Some lines of these records may hold the word "through"; state how many, using only the number.

**RECORDS SUPPLIED**.
§

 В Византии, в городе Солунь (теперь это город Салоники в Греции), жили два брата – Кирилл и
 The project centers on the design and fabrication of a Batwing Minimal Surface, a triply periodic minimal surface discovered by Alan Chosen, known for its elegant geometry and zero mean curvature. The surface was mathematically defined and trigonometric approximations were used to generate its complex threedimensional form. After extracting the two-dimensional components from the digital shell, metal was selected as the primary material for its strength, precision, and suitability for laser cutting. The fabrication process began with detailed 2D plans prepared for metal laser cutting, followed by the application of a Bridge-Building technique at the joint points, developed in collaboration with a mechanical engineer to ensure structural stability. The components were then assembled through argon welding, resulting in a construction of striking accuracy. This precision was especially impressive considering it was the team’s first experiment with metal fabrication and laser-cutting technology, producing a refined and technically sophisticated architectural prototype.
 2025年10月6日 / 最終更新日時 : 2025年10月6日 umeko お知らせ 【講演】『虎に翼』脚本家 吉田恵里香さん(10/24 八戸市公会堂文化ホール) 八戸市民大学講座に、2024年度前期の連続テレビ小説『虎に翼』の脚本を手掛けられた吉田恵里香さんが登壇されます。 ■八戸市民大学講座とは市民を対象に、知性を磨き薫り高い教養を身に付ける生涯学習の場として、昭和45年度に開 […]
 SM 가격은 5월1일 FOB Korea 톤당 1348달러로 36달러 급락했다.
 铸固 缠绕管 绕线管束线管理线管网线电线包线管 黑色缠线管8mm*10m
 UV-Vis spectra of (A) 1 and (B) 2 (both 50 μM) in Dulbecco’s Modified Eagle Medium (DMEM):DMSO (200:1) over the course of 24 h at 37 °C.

§

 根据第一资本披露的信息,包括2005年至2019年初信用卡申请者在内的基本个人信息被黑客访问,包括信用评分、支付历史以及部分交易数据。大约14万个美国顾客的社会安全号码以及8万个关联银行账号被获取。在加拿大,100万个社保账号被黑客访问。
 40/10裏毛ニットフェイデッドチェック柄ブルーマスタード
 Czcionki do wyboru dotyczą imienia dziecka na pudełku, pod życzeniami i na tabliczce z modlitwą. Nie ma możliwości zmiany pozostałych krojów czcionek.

§

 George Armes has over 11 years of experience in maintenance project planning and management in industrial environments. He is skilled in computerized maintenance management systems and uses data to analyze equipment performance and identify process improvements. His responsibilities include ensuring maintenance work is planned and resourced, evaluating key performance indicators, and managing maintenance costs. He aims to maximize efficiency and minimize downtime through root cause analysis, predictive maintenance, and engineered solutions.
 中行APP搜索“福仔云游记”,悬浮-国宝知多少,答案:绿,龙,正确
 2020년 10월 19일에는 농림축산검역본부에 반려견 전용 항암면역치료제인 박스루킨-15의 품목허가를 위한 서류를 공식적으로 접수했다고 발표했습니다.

§

**RESPONSE TO THE EXERCISE**.
2